-------- MATERIAL PROVIDED --------

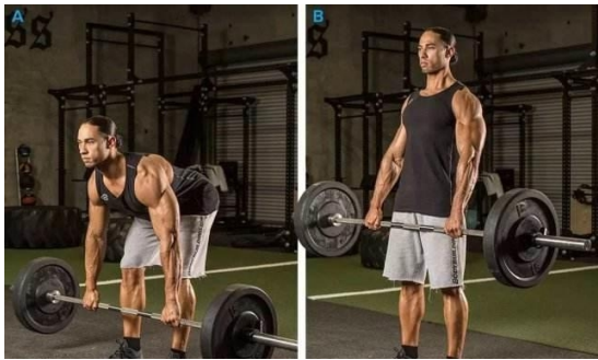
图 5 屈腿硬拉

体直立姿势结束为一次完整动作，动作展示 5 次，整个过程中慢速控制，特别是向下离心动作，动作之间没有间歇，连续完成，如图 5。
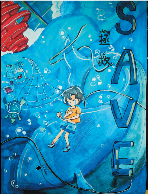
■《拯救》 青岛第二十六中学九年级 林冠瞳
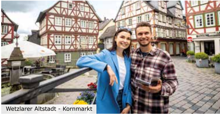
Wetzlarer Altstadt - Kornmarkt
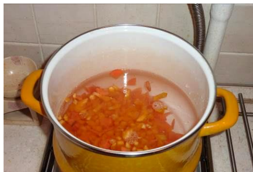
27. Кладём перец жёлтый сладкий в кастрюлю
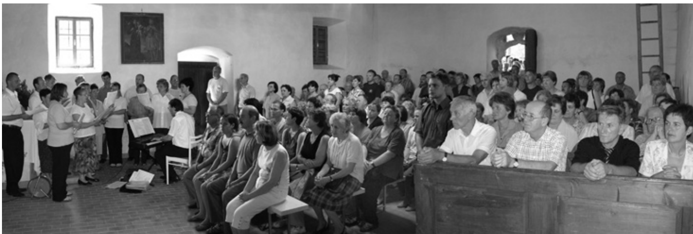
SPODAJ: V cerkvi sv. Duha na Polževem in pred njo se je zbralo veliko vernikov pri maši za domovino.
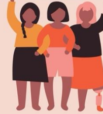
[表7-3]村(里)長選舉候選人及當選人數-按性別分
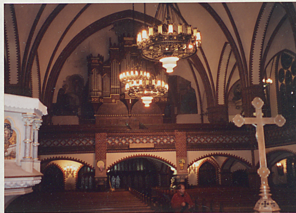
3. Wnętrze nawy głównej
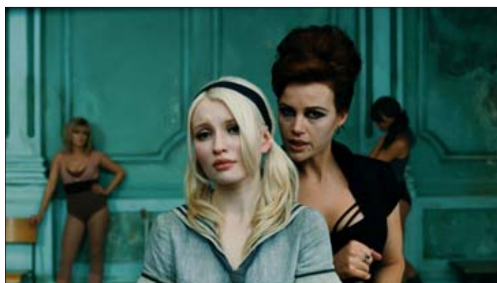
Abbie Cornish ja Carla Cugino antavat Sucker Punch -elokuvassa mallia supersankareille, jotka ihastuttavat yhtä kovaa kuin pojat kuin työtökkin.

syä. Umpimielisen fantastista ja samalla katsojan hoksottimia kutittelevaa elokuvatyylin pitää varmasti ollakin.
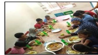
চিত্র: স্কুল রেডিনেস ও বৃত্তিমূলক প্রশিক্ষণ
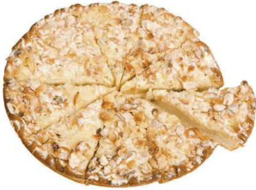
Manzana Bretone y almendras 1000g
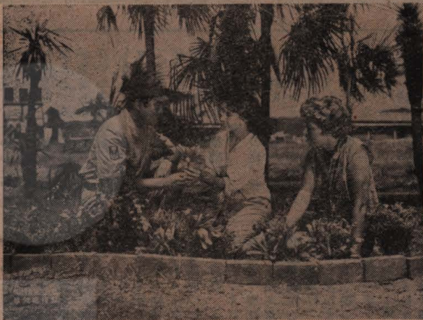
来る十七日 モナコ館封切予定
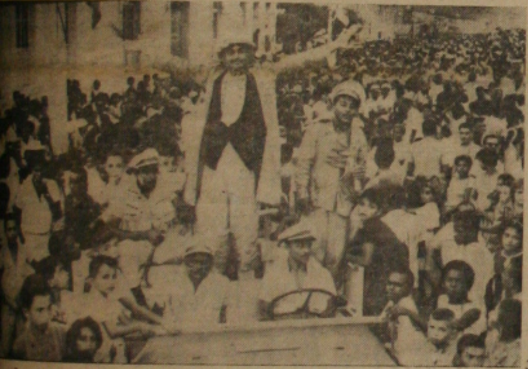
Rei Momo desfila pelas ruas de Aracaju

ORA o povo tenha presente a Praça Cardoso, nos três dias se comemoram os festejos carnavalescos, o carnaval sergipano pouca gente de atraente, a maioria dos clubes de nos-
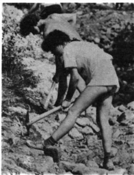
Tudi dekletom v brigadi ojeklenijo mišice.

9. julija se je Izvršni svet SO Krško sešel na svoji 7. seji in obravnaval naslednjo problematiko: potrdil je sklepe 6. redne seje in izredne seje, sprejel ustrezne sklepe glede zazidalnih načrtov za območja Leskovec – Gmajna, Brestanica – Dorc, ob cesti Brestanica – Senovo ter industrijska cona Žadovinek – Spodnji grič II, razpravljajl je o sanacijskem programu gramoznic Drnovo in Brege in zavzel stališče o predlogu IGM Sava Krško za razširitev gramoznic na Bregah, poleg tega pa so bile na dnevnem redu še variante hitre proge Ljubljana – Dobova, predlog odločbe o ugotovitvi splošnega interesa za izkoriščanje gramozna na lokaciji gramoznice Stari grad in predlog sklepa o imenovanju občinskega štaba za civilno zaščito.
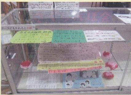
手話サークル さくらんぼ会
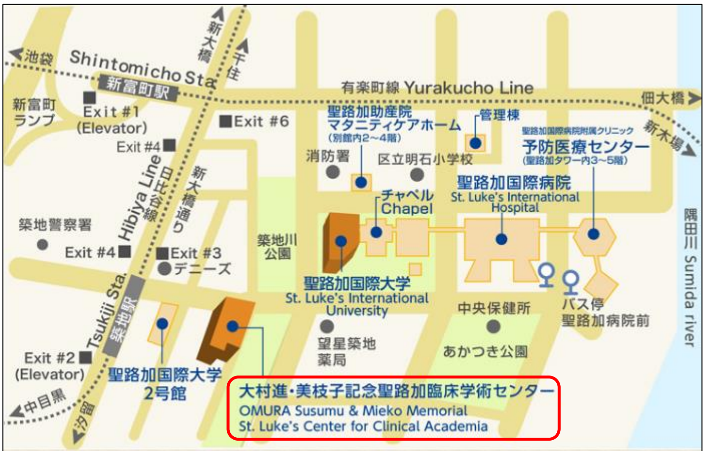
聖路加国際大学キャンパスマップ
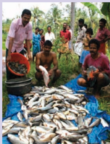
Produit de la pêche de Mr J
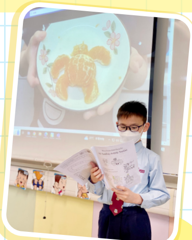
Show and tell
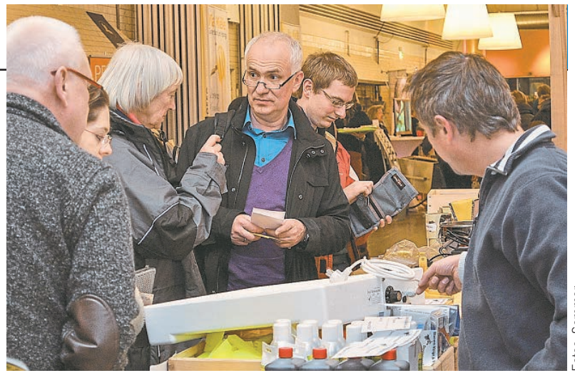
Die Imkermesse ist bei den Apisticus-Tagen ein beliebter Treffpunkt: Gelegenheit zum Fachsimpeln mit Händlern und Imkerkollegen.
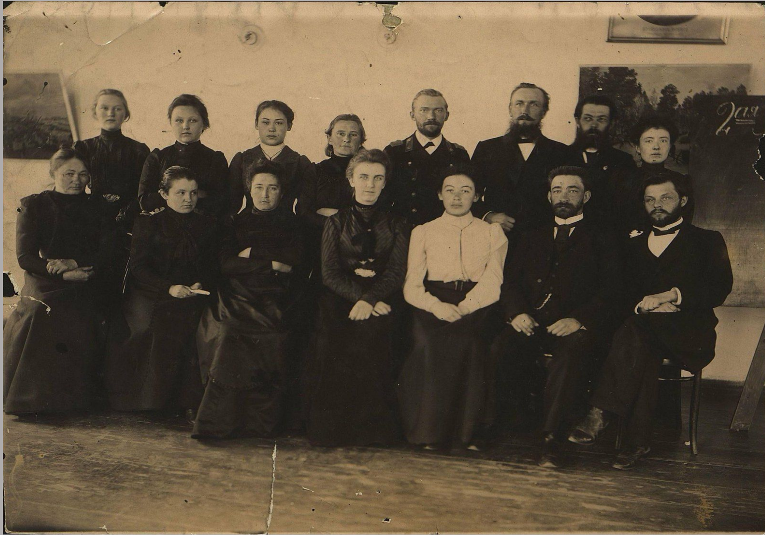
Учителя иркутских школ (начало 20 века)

--------

#### DIRECTIONS FOR THIS TASK
Print the line above containing "SPODAJ: V cerkvi", the line containing "Tudi dekletom v brigadi ojeklenijo mišice.", and everything between them, exactly as written. Pictures stay out.

#### TASK RESPONSE
SPODAJ: V cerkvi sv. Duha na Polževem in pred njo se je zbralo veliko vernikov pri maši za domovino.
[表7-3]村(里)長選舉候選人及當選人數-按性別分
3. Wnętrze nawy głównej
Abbie Cornish ja Carla Cugino antavat Sucker Punch -elokuvassa mallia supersankareille, jotka ihastuttavat yhtä kovaa kuin pojat kuin työtökkin.

syä. Umpimielisen fantastista ja samalla katsojan hoksottimia kutittelevaa elokuvatyylin pitää varmasti ollakin.
চিত্র: স্কুল রেডিনেস ও বৃত্তিমূলক প্রশিক্ষণ
Manzana Bretone y almendras 1000g
来る十七日 モナコ館封切予定
Rei Momo desfila pelas ruas de Aracaju

ORA o povo tenha presente a Praça Cardoso, nos três dias se comemoram os festejos carnavalescos, o carnaval sergipano pouca gente de atraente, a maioria dos clubes de nos-
Tudi dekletom v brigadi ojeklenijo mišice.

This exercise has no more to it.